A raw binary field of type LONG RAW can also be up 2 Gb in size.
Binary and character large objects of various sorts can be up to 4 Gb.
Max. no. of rows
? Almost certainly unlimited in practice.
Max. no. of columns
1000
Max. indexed columns
`A table can have any number of indexes.'
Functionality
Oracle is a large and complex system which has many features not
touched on in this brief evaluation. For example, it is possible to
specify the partitioning and segmentation of a table in order to
control the way it is spread across one or more disks and hence give
better performance.
Oracle controls access to tables through the concept of `users'. Users
of an Oracle database are analogous to user accounts for an operating
system.
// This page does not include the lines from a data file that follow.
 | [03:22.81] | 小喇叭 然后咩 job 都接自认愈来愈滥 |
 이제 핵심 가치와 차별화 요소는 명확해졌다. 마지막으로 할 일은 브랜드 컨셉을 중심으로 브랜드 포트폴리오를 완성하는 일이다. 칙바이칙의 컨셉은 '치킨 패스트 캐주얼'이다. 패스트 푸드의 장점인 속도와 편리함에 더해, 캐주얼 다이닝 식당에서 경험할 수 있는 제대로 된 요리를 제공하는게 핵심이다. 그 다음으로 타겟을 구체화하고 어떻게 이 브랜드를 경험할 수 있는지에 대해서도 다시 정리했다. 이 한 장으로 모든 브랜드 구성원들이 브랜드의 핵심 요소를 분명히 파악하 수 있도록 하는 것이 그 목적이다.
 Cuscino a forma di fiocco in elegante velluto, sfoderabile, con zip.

There are database management tools to create and delete users
and to grant users access privileges to selected databases and subsets
of databases.
In addition to the basic pre-defined datatypes Oracle databases can
include programmer-defined data types and programmable triggers can be
set on tables.
The above are just a few of Oracle's features; there are many more not
mentioned here.
Usability
I found Oracle robust and reliable to use. The manuals were usually
very good, though there were a few instances where I found them a bit
opaque. However, starting with no knowledge of Oracle, by just reading
the manuals I was reasonably quickly able to discover how to perform
the tasks required to carry out the evaluations.
System Admin Impact
An Oracle database needs a `Database Administrator' (DBA) to look after
it. However, I suspect that the database administration requirements
for even a large repository of astronomical catalogues would be less
onerous than those of a typical commercial installation.
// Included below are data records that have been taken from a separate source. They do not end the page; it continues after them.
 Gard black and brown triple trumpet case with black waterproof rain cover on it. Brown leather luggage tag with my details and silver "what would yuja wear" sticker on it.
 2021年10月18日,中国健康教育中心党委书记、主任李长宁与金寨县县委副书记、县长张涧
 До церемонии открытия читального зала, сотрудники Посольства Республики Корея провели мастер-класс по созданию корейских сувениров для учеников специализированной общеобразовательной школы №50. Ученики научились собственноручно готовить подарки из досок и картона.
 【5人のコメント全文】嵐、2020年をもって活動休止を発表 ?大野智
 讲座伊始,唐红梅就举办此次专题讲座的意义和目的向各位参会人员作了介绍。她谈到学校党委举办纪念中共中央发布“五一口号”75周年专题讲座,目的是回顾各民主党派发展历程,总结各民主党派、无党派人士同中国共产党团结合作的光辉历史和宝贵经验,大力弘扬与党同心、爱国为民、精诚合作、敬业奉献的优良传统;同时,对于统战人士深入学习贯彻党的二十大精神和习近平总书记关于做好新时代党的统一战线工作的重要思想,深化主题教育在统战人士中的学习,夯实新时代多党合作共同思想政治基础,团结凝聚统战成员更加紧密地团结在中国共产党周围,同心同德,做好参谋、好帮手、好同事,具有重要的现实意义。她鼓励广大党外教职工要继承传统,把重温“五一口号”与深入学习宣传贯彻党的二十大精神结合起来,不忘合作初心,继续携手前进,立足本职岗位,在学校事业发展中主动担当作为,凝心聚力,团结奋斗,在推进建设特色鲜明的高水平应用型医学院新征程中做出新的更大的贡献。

The DBA should be able to pick up most of what he needs to know from
the manuals (there is a comprehensive manual for DBA functions), perhaps
augmented by attending any suitable introductory courses. Some
assistance may be required in initially tuning the databases, but once
tuned the DBA should be able to keep them in tune.
Once the repository is set up I'd imagine that the recurrent, routine
workload should be quite small and could probably be accommodated amongst
a full roster of other duties.
Discussion
Oracle is an extensive, powerful and flexible DBMS. It is robust and
reliable and the documentation is usually good. All of which is as
would be expected from the leading commercial DBMS. I do not see any
show-stoppers that would prevent it being used to hold a repository
of large astronomical catalogues, such as the
AstroGrid data warehouse.
One significant cause for concern is the representation of numeric data,
which has implications for both the type conversions needed (internally
within Oracle) when accessing data and the storage space required to
hold tables.
The number of statistical functions available in Oracle-SQL, much more
than basic SQL, is a bonus. The Oracle DBMS and its associated tools
are a large and complex system, many features of which have not been
touched on in this brief evaluation. Some of them are unlikely to be
used in an astronomical context. Conversely, Oracle has some features,
such as support for XML databases and Web services, which are potentially
relevant to
AstroGrid but which have not been covered here. I hope that
the parallel project to set up a demonstration system using Oracle,
which is being carried out by Oracle staff, will address some of these
areas.
-- Clive Davenhall, 2002 August 16.